Some emotion moved in the sheriff. Color flooded his face. Grantham appeared over his shoulder, paler, more distant.

“That’s it,” the sheriff said. “Time to go.”

I studied Dolf: the straight back and the bent neck; a sudden, racking cough and his arm in that orange sleeve wiping across his mouth. He spread his fingers on the mirror and lifted his head so that he could see my reflection. His lips moved, and I could barely hear him.

“Just go,” he said.

“Come on, Chase.” The sheriff reached out with his hand, as if he could pull me from the room.

Too many questions, no answers; and Dolf’s plea a clatter inside my head.

I heard a plastic rattle, and two deputies rolled in a video recorder on a tripod.

“What’s going on?” I asked.

The sheriff took my arm, pulled me through the door. The pressure eased when the door clanged shut; I shrugged my arm out of his grip. He let me watch through the narrow glass as deputies aimed the camera. Dolf moved to the table, looked once in my direction, and sat. He lifted his face to the camera as the sheriff turned the key and dropped the bolt.

“What is this?” I asked.

He waited until I looked at him. “A confession,” the sheriff said.

“No.”

“For the murder of Danny Faith.” The sheriff paused for full effect. “And all I had to do was let him talk to you.”

I stared.

“That was his one condition.”

I understood. The sheriff knew how much Dolf meant to me and he wanted me to see it: the camera, the old man in front of it, the sudden complacence in his collapsed frame. Parks had been right.

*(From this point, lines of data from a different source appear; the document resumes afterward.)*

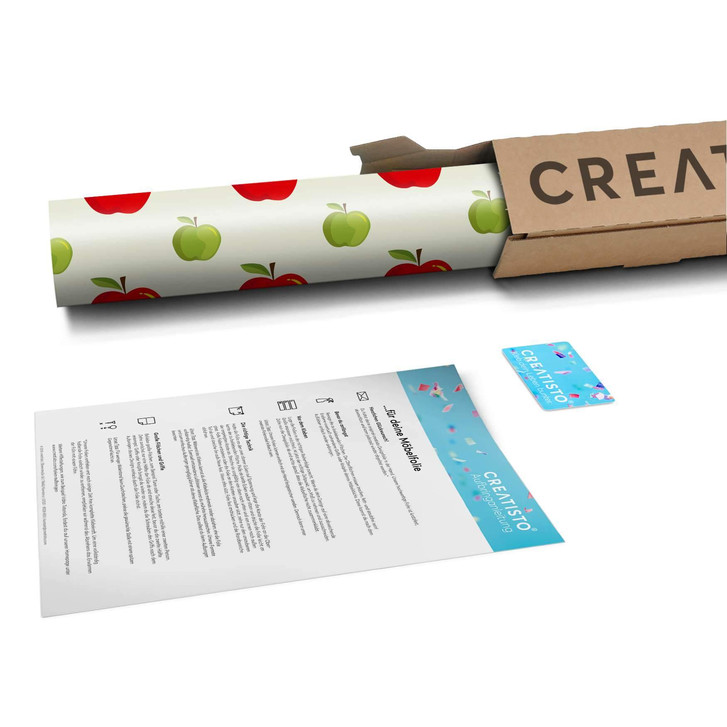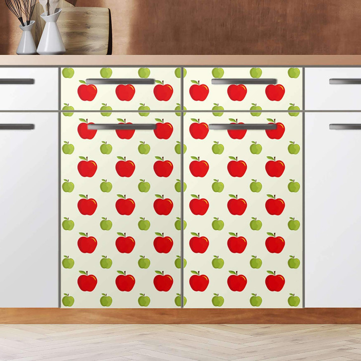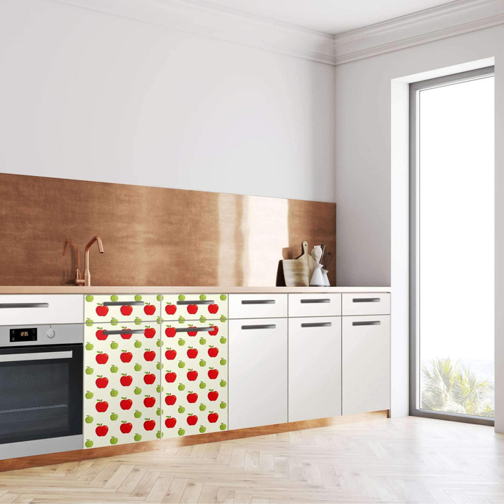 Unsere Küchenfolie An apple a day (80cm Breite - entspricht der Breite von 2 Türen) für den Unterschrank ist der Blickfang in jeder Küche. Die Küchenfolien sind hochwertige, selbsthaftende Vinylfolien (seidenmatt) und können auf das gewünschte Mass zugeschnitten werden – je nachdem ob die Türkante umklebt werden soll oder nicht.
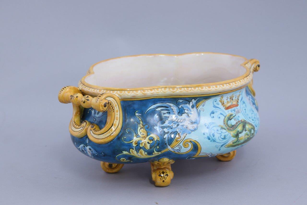 en faïence polychrome de forme quadrilobée à deux anses. La panse à décor sur une face d'un cuir aux armes de France entourée de feuilles de chêne dans un cartouche et sur l'autre d'une salamandre sous une couronne. Elle repose sur quatre pieds en enroulements.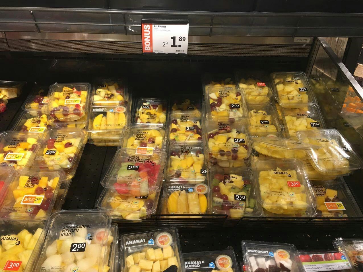 تصویری از نوع بسته بندی و فروش تکه های میوه در شهر دلفت هلند که نشان دهنده مصرف درست اهالی این شهر اروپایی می باشد.

“You fucking bastard,” I said.

The sheriff smiled, stepped closer. “Welcome back to Rowan County, you murdering piece of shit.”

CHAPTER 20

We left the detention center and stood in wind that brought the smell of distant rain. Lightning flashed silent heat and went dark before the thunder rolled over us like cannon fire. They wanted to know about Dolf, so I stripped my voice down and told them almost everything. I did not mention his plea to me because I could not leave Dolf Shepherd to rot. No way in hell. I told them that the last thing I saw was Dolf sitting in front of a video camera.

“It doesn’t make sense,” my father finally said. “Dolf took you to the knob, Adam. He all but held the rope. You’d have never found the body without him.”

“Your father’s right,” Parks said, and paused. “Unless he wanted the body to be found.”

“Don’t be absurd!” my father exclaimed.

“Guilt does strange things to people, Jacob. I’ve seen it happen. Mass murderers suddenly confess. Serial rapists ask the court for castration. People twenty years in the clear suddenly own up to killing a spouse decades earlier in a jealous rage. It happens.”

I heard Dolf’s voice in my head; what he’d said to me at the hospital: Sinners usually pay for their sins.